Does the Audit Service have internal policy that allow their staff to accumulate their annual paid holiday leave, and if yes, for how many consecutive years? If there is any such internal company handbook specifying their operational policies, can they publish their policy relating to annual leave for all to see?

Whatever the internal policy is, it cannot override or supersede statutory or constitutional policy as is stated in the 1992 Constitution in Article 187, Labour Act, 2003 (Act 651) Sections 20 and 31 and the Audit Service Act 2000.

The internal policy cannot say you can relinquish or forgo your annual leave contrary to the statutory regulations in place. It can only state how you can take your holiday leave either in bloc or in parts until the number of holidays due you is exhausted. It may specify whether or not you can defer the holiday accrued to the following year's in what is accumulation but never to forgo them.

In the absence of any such internal policy, Mr Domelevo's failure to proceed on leave, but to keep accumulating them for reasons only best known to him and his supporters, constitutes a breach of the law.

If he was that anti-corruption czar without his kind in Ghana to protect the government's purse, why did then President Mahama not confirm him as the Auditor-General until he had lost the 2016 election and had only a week to hand over the reins of government to the incoming president-elect from the NPP?

Was Mahama afraid of Domelevo's anti-corruption stance hence kept him aloof from his government but saw him as extremely good to deal the NPP a dirty dizzying blow to the head?

What is good for the goose is also good for the gander. What is poisonous for you should be poisonous for your neighbour. Therefore, morally, President Mahama erred by his attitude, but constitutionally, he was within his rights so nobody could hold him to account for his behaviour.

Mr Domelevo is an NDC stalwart which himself or nobody can deny. His political persuasion is irrelevant as long as he does his job satisfactorily and fairly. Nevertheless, I have an issue with why he does not want to go on leave and sees any directive to him to go on leave as his sack from the job he loves best.

Who even authorised him to accumulate his annual leave, himself or his department's internal policy?

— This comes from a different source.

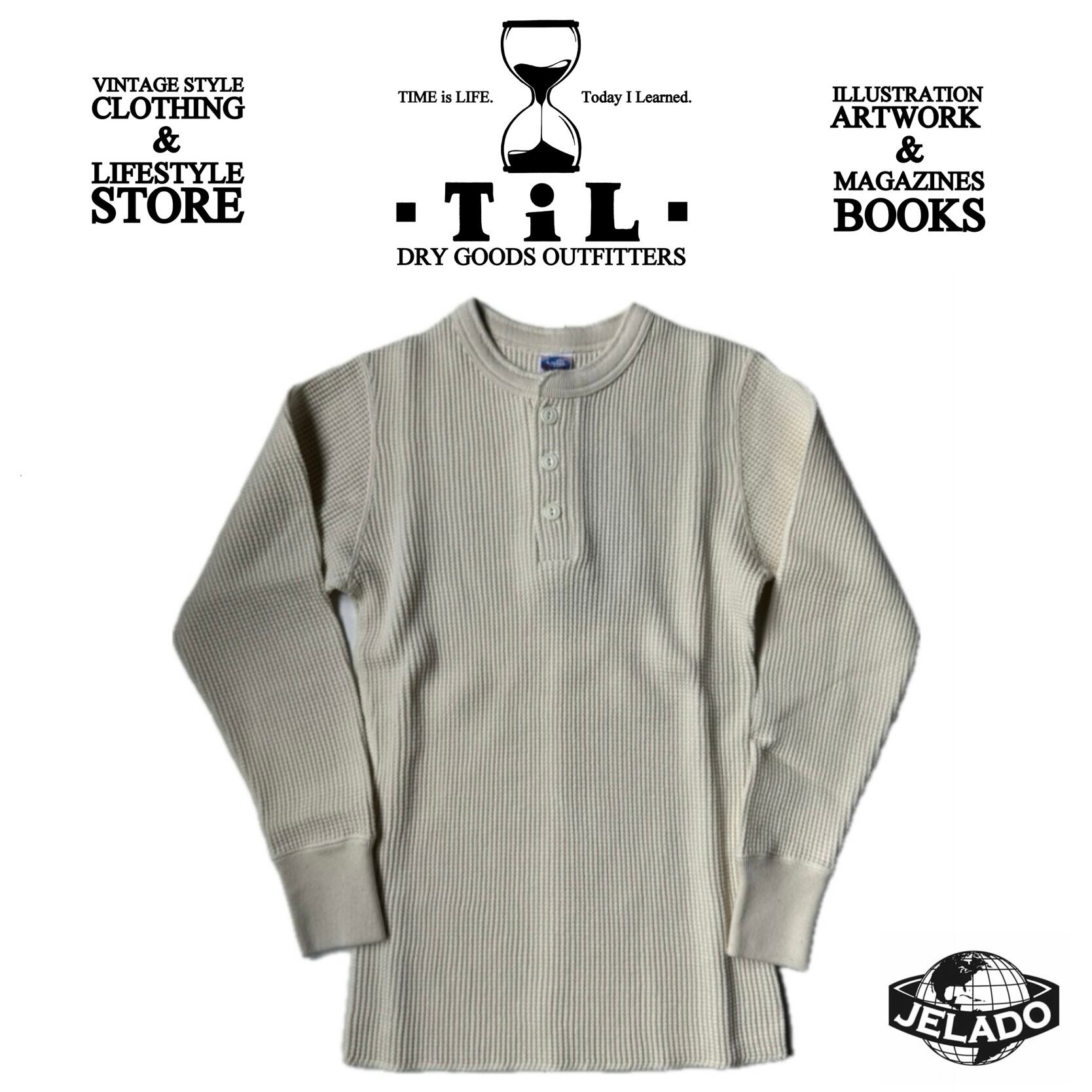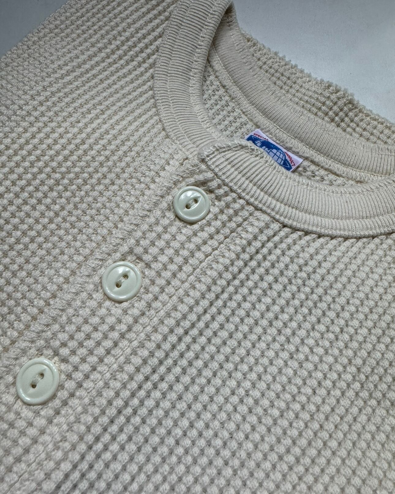 JELADO"ATHLETIC BRAND"のメガサーマル ヘンリーネックTシャツです。一般的なサーマルよりも肉厚(極厚)で強度もあり、伸縮性にとんだ絶大な保温性を約束する、最高のインナーウェアです。通常、丈夫で強いヘビーサーマルと言われるものでも30/-(さんじゅばんたん)糸で編まれたものになりますが、JELADOが提案するのは10/-(じゅうばんたん)糸、かなり太い糸で編まれたサーマル生地を採用しています。世に流通するサーマル素材の中では、最高にぶ厚く、見た目にも分かる、ワッフルの目面が大きく凹凸がハッキリしています。その為、空気の層が入りやすく、保温性を高めてくれます。タイトな作りになっていますが、体に合わせてよく伸び、洗いこんだ際もフンワリとした柔らかさは変わらず、その着心地はずっとキープされます。もたつき無いサイジングですので、重ね着する際もアイテムを選ばず、程よい着丈の長さと、その肉厚さは一枚でも違和感はありません。バインダーネック仕上げ、各リブは締め付けの強いモノを使用。一度着用すれば、秋冬には欠かせないアイテムとなってくる事は間違いありません。布地の特性上、同サイズでも商品に約1〜2センチ程度の個体差が生じる場合がございます。予めご了承下さいませ。
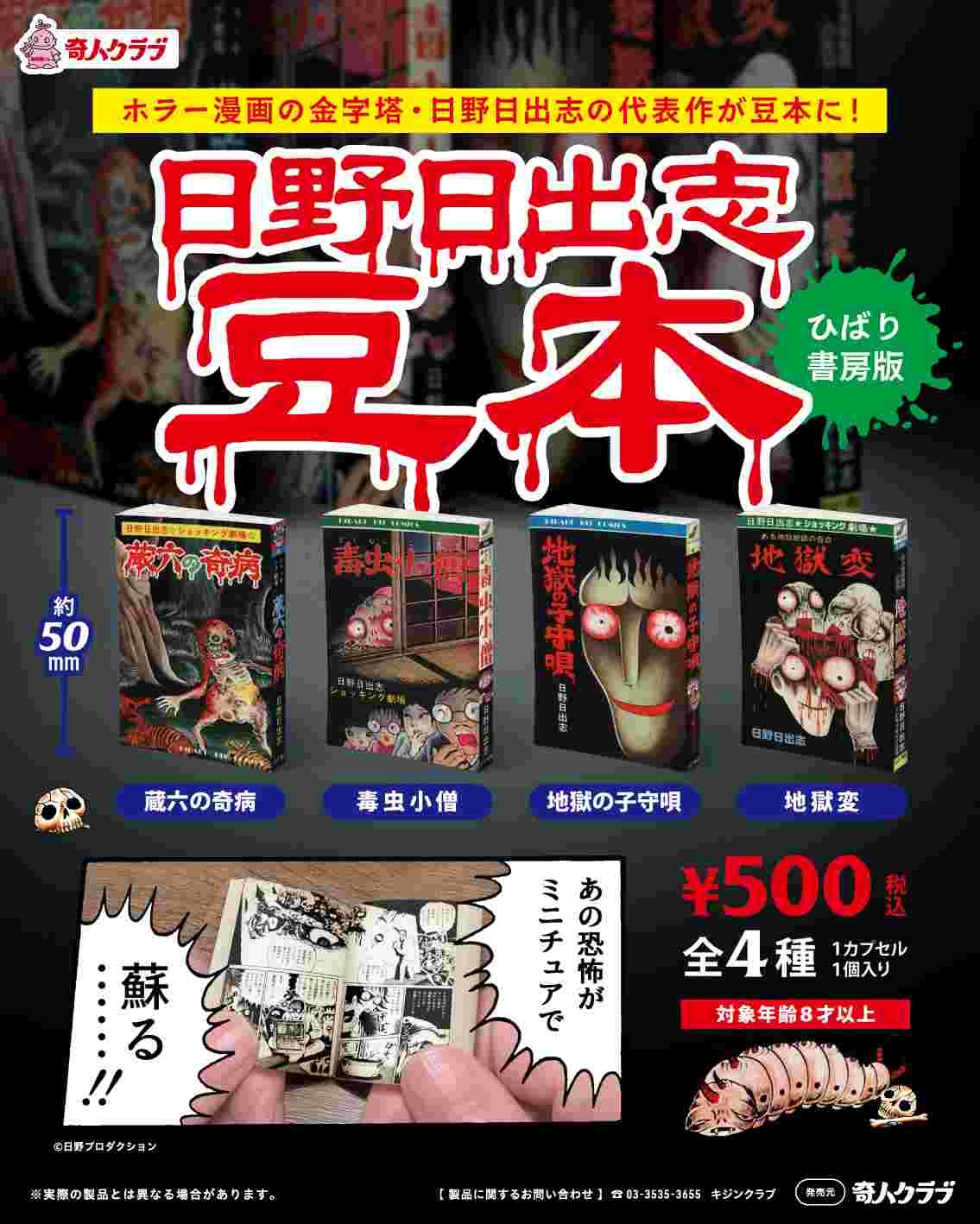発売元は「赤の他人の証明写真」など、奇抜なアイデア商品で注目を集めるカプセルトイメーカーの「奇人クラブ」。代表の寺井広樹さんは筋金入りの日野日出志マニアで、「個人的にはこれまでのカプセルトイ人生で最も作りたかった商品で、感慨深い。豆本のサイズでも日野先生の作品はやはり身の毛がよだちます」と話している。

Anyway, I can write thesis on the legality or lawfulness of the president's directive to him to take his accumulated leave and the illegalities of his challenges not to go on leave.

Please, fellow Ghanaians, do research to know and understand certain things and laws without allowing others to fool you. Mark my words, any suits brought against anybody or any institution to seek to criminalise or reverse the presidential directive to Auditor-General Daniel Yao Domelevo to take his accumulated annual paid holiday leave is dead the very minute the suit is filed because the directive is grounded in law as made evident above.